Records for processing:
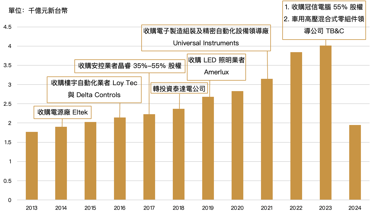 鄭平於 2012 年開始擔任執行長,也是帶領台達電進行轉型的關鍵人物,主要有兩大策略,首先是將台達電的定位從零組件供應商,轉型成解決方案供應商,第二個是透過策略併購快速擴大版圖,使得公司跨足業務更加多樣化,因此可以提供一站式的解決方案,使其相對其他廠商具備競爭優勢。
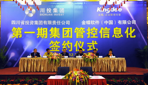 3月23日,米兰(中国)第一期管控信息化项目签约仪式在川投国际酒店举行。集团公司总经济师薛东兵主持仪式,集团公司副总经理李文志、副总会计师郑世红,金蝶集团高级副总裁孙雁飞、中央研究院常务副院长马鋆辉、四川省公司总经理项岁泉出席仪式。集团公司中层副职以上管理人员、各部门信息化联络员,所属公司信息化领导小组组长,分管财务、信息化领导共计80人参加仪式。
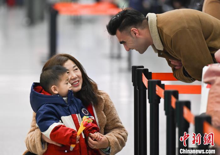 1月27日凌晨,杭州东站候车的留学生(右)和小朋友互动。
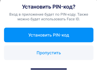 Пользователь может либо согласиться на установку пин-кода, нажав “Установить пин-код”, либо отказаться, нажав “Пропустить”. В дальнейшем, в настройках приложения пользователь может установить или сменить пин-код.
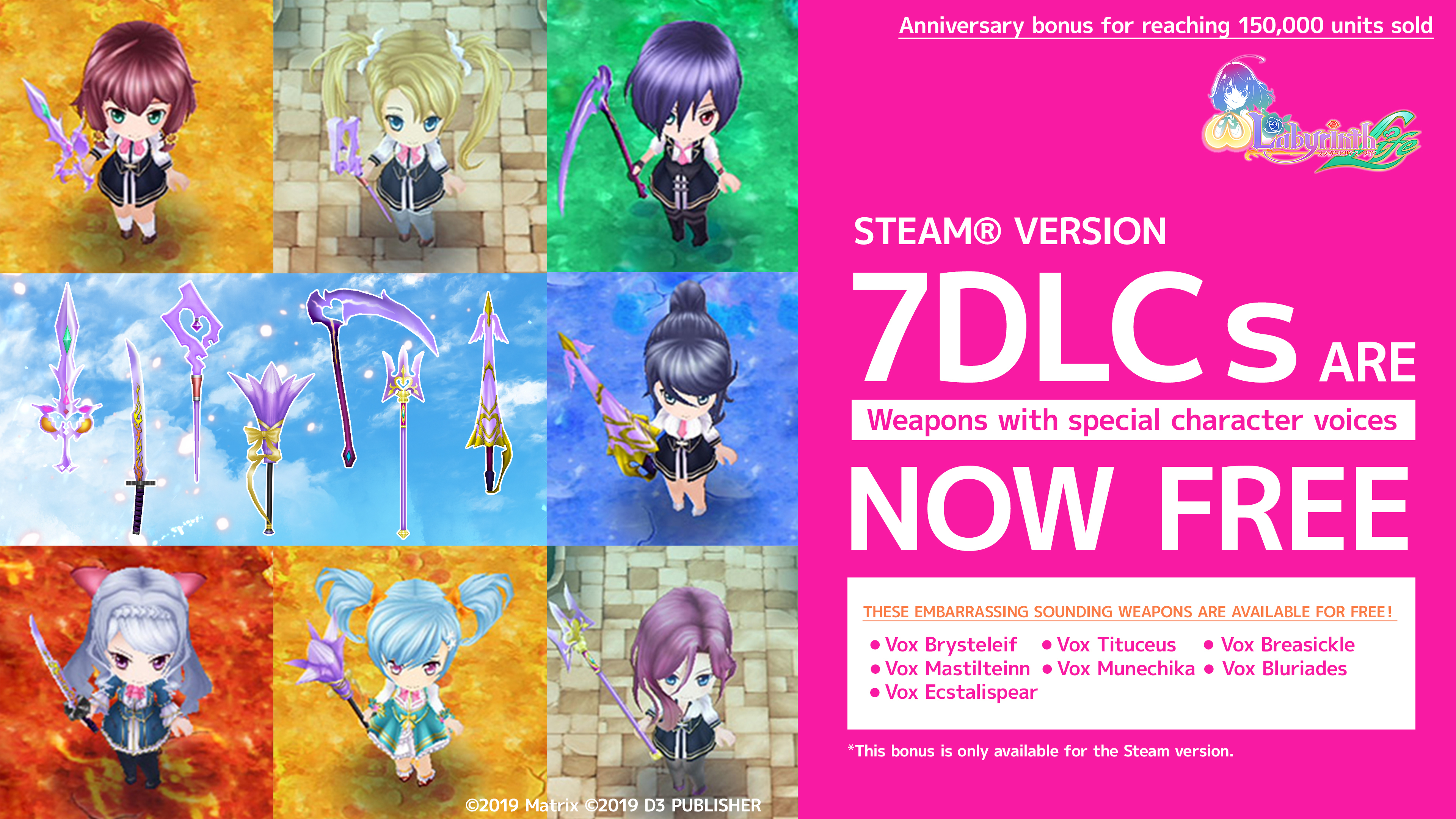 Thanks to your generous support, we are pleased to announce that the cumulative sales of “Omega Labyrinth Life” have reached 150,000 units. We would like to express our sincere gratitude to all the users of this title and to all those who have given us their support and encouragement.

What the task asks:
Reprint the entries above exactly, images removed.

Output of the exercise:
 鄭平於 2012 年開始擔任執行長,也是帶領台達電進行轉型的關鍵人物,主要有兩大策略,首先是將台達電的定位從零組件供應商,轉型成解決方案供應商,第二個是透過策略併購快速擴大版圖,使得公司跨足業務更加多樣化,因此可以提供一站式的解決方案,使其相對其他廠商具備競爭優勢。
 3月23日,米兰(中国)第一期管控信息化项目签约仪式在川投国际酒店举行。集团公司总经济师薛东兵主持仪式,集团公司副总经理李文志、副总会计师郑世红,金蝶集团高级副总裁孙雁飞、中央研究院常务副院长马鋆辉、四川省公司总经理项岁泉出席仪式。集团公司中层副职以上管理人员、各部门信息化联络员,所属公司信息化领导小组组长,分管财务、信息化领导共计80人参加仪式。
 1月27日凌晨,杭州东站候车的留学生(右)和小朋友互动。
 Пользователь может либо согласиться на установку пин-кода, нажав “Установить пин-код”, либо отказаться, нажав “Пропустить”. В дальнейшем, в настройках приложения пользователь может установить или сменить пин-код.
 Thanks to your generous support, we are pleased to announce that the cumulative sales of “Omega Labyrinth Life” have reached 150,000 units. We would like to express our sincere gratitude to all the users of this title and to all those who have given us their support and encouragement.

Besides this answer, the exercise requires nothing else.